CP patterns are strongly depending on the analytical method, and comparisons between different studies are difficult to draw (Mézière et al., 2020; van Mourik et al., 2016). However, comparison of CP patterns of samples within the present study seemed to be appropriate. SCCPs were dominated by varying ratios of C11- > C12- and/or C13-CPs (Fig. 2), reflecting the heterogeneous nature of technical SCCP products (Li et al., 2018; Yuan et al., 2017a). However, the small C10-CP shares in all samples were in agreement with the commercial mixtures analyzed in the previous studies. C14-CPs were, with the exception of sample R1a, the dominant MCCP homolog group (Fig. 2), again corresponding to compositions of MCCP mixtures (van Mourik et al., 2016; Yuan et al., 2017b).

The varying CP homolog patterns produced further evidence that these may be influenced by consumer usage habits (frequency and mode of usage, cleaning), because it appeared unlikely that such a high number of different technical CP products had been applied in the past, despite the wide range of appliance types and production years. However, the CP pattern in two subsequent wipes of the pasta machine was nearly identical (Fig. S2). Hence, changes in the CP patterns by mechanical cleaning were regarded to be rather minimal, but they could gradually emerge after years of use. One wipe of a baking oven hinge (B3a), however, stood out due to its very high SCCP chlorine content of 71.6% Cl. This indicated the use of a highly chlorinated CP mixture, since alteration of a short-chain CP-52 mixture (e.g., by volatilization or transformation) would have required a shift from on average ~ 5 to ~ 9 chlorine atoms per molecule which seemed unlikely.

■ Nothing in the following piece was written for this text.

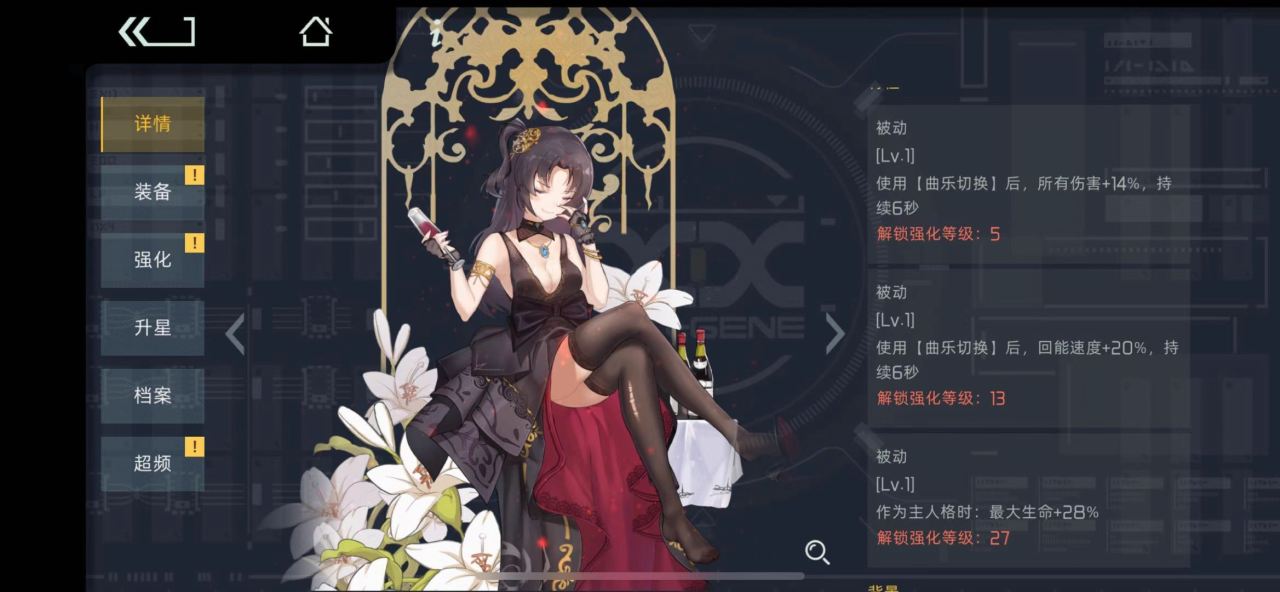 2.被动技能有三个,是曲乐切换之后增加所有伤害和回能速度,最有用的被动自然是增加百分比的生命值,提升了狂想曲的生存率。(主人格模式下)
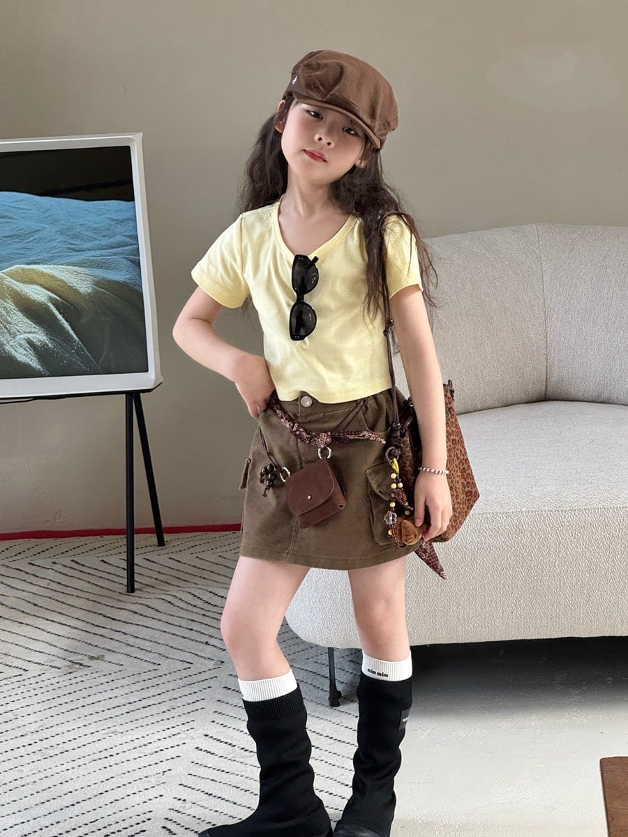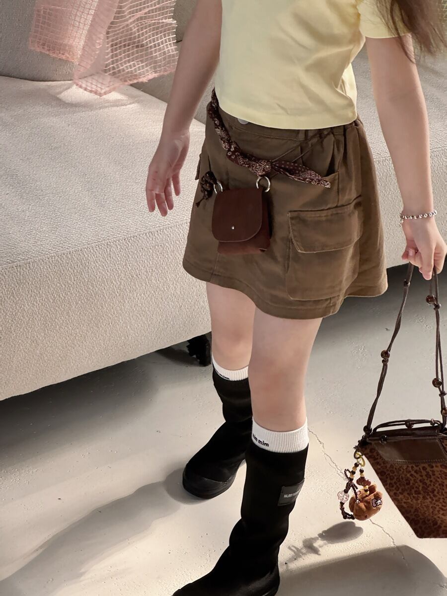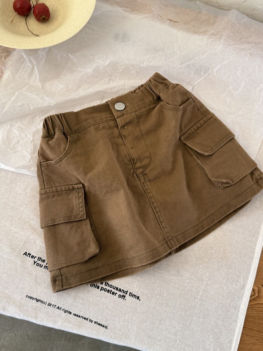 カーゴミニスカート(カーキブラウン)QBSH 2026春|100-150cm|ミディスカート|ミリタリースカート|ミニスカート [取寄]

Several of the kitchen appliances discussed so far could directly expose consumers by releasing CPs. Similarly, dishwashers could transfer CPs onto the cleaned utensils and into wastewater. Also, the lubricant of the pasta machine would come in direct contact with the dough during use, which could lead to the contamination of food, similarly to observations made with hand blenders (Yuan et al., 2017b). Last but not least, regular cleaning of the kitchen (usually with dishcloths or sponges) could partly remove CPs together with lubricant (see above). For instance, up to 55 µg CPs were determined in initially CP-free dishcloths after a 2-week use (Gallistl et al., 2017). Considering the high CP amounts in two unused appliances, especially new and previously unused appliances, could represent a hitherto overlooked source of CP exposure. Vice versa, it could not be excluded that used appliances were initially richer in CPs (i.e., similarly high as the new ones in this study). These diffuse sources could lead to human exposure and/or environmental contamination with CPs prior to disposal of the appliances. Additionally, since 66% of the sampled appliances contained POPs (SCCPs), the eventual disposal of many kitchen appliances in the future could be greatly complicated.

Conclusions

Wipe tests enabled us to show that CPs were present in 72% of hinges of kitchen appliances. We also established an improved quantification method using single chain length CP standards, allowing for more specific and precise CP determinations. Although no correlation between appliance, manufacturer, or age and CP amount could be established, the exceptionally high amounts in two unused appliances indicated a release of CPs over time. This previously unknown CP source may lead to increased exposure for the consumer.